有2个非常大的RDD(每个都有超过百万的记录),第一个是:
rdd1.txt(name,value):
chr1 10016
chr1 10017
chr1 10018
chr1 20026
chr1 20036
chr1 25016
chr1 26026
chr2 40016
chr2 40116
chr2 50016
chr3 70016
rdd2.txt(name,min,max):
chr1 10000 20000
chr1 20000 30000
chr2 40000 50000
chr2 50000 60000
chr3 70000 80000
chr3 810001 910000
chr3 860001 960000
chr3 910001 1010000
该值仅在第二个RDD的最小值和最大值之间的范围内有效时,如果有效,则该值的名称将加1;
以上面的例子为例,chr1发生了7。
如何通过spark获得Scala的结果?
非常感谢答案 0 :(得分:2)
尝试:
val rdd1 = sc.parallelize(Seq(
("chr1", 10016 ), ("chr1", 10017), ("chr1", 10018)))
val rdd2 = sc.parallelize(Seq(
("chr1", 10000, 20000), ("chr1",20000, 30000)))
rdd1.toDF("name", "value").join(rdd2.toDF("name", "min", "max"), Seq("name"))

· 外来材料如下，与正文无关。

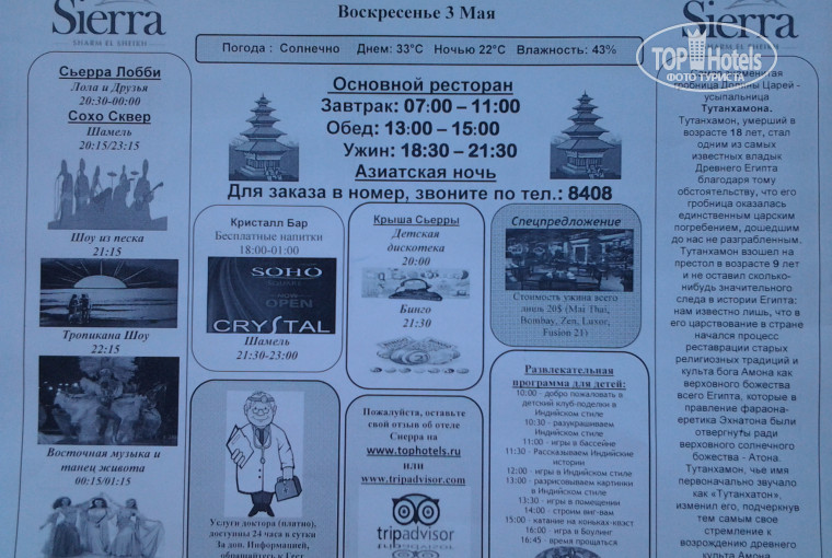 Еще дают программу на день- где какие шоу, потом программу на каждый день на ресепшен брать самим и инфо где кушать: ресторан, вечером Акуна Матата и Чино, напитки- куча баров описана. На Сохо напитки- Кристал бар, Английский паб, Сиерра фонтана бар.

.where($"value".between($"min", $"max"))
答案 1 :(得分:0)
据我了解,您希望rdd1中的值介于rdd2中的min和max之间。请查看以下内容是否有效
val rdd1 = sc.parallelize(Seq(("chr1", 10016 ), ("chr1", 10017), ("chr1", 10018)))
val rdd2 = sc.parallelize(Seq(("chr1", 10000, 20000), ("chr1",20000, 30000)))

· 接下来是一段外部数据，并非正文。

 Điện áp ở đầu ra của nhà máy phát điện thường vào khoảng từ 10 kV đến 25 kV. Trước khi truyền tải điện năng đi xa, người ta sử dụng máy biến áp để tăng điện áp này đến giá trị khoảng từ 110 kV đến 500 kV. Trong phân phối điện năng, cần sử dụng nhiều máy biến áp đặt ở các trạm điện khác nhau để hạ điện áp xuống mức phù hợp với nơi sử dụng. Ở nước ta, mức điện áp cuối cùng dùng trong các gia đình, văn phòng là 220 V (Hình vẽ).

rdd1.toDF("name", "value").join(rdd2.toDF("name", "min", "max"), Seq("name")).where($"value".between($"min", $"max")).groupBy($"name").count().show()

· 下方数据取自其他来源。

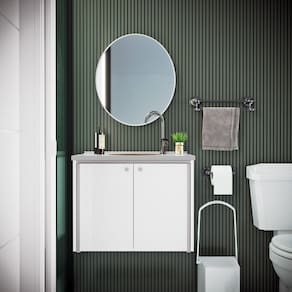 A cuba moldada em vidro e as portas de vidro lapidadas com películas protetoras completam o design com um toque de elegância, modernidade e segurança. Acabamento da Cuba: Alto Brilho Acabamento da Porta: Vidro Acabamento da Prateleira: BP Acompanha Cuba: Sim Acompanha Parafusos Para Fixação Na Parede: Sim Acompanha Válvula: Sim Ambiente Principal: Banheiro codigo_ean: 7900288299383 Complexidade da Montagem: Baixa: pode ser montado por uma pessoa sozinha Comprimento da Prateleira: 54 cm Cor: Branco Cor da Cuba: Branco Cor da Porta: Branco Cor do Produto: Branco Cor Interna: Branco Escala de Brilho: Brilhante Escala de Brilho da Porta: Brilhante Escala de Brilho da Prateleira: Fosco Espessura da Prateleira: 1,5 cm Formato da Cuba: Redondo Furação para Cuba e Torneira: Sim Itens Inclusos: 1 Gabinete, Kit Ferragens e Manual de Montagem Linha ou Coleção: Fenix Manual de Montagem e Instalação: https://product-hub-prd.madeiramadeira.com.br/734030553/documents/915b56c4-e40e-4c9d-8a1a-a5f63def5b143323363582917629457415269.pdf Marca: Cris Metal Material da Cuba: Vidro Material da Porta: Vidro Material da Prateleira: MDF Material do Puxador da Porta: Metal Material do Tampo: Cerâmica Material Principal: MDF Medida da Cuba (C x L x P): 35x35x9 Medida do Recorte Para Cuba: 27 Necessita Montagem: Sim Origem do Produto: Nacional Peso: 19,02 kg Peso Máximo por Prateleira: 10 kg Possui Espelhos: Não Possui Nichos: Não Possui Pés: Não Possui Portas: Sim Possui Prateleiras: Sim Possui Recorte No Tampo Para Cuba: Sim Possui Recorte No Tampo Para Misturador: Não Possui Sifão: Não Possui Tampo: Sim Produto Montado: Sim Recomendações de Uso, Manutenção e Limpeza: Pano umido Sistema de Montagem: bucha e parafusos Suporta Até (kg): 30 kg Tamanho do Gabinete: Médio: de 60cm a 80cm de largura Tipo de Cuba: Embutir Tipo de Dobradiça/Corrediça da Porta: Alumínio Tipo de Gabinete: Gabinete Suspenso Tipo de Móvel para Banheiro: Gabinete Tipo de Móvel para o Banheiro: Gabinete de Banheiro Tipo de Porta: Abrir Tipo de Puxador da Porta: Externo Válvula indicada: Exclusiva

scala> val rdd1=sc.parallelize(Seq(("chr1", 10016 ),("chr1", 10017 ),("chr1", 10018 ),("chr1", 20026 ),("chr1", 20036 ),("chr1", 25016 ),("chr1", 26026),("chr2", 40016 ),("chr2", 40116 ),("chr2", 50016 ),("chr3", 70016 )))
rdd1: org.apache.spark.rdd.RDD[(String, Int)] = ParallelCollectionRDD[33] at parallelize at <console>:24
scala> val rdd2=sc.parallelize(Seq(("chr1", 10000, 20000),("chr1", 20000 , 30000),("chr2", 40000 ,50000),("chr2", 50000 ,60000),("chr3", 70000 ,80000),("chr3", 810001 ,910000),("chr3", 860001 ,960000),("chr3", 910001 ,1010000)))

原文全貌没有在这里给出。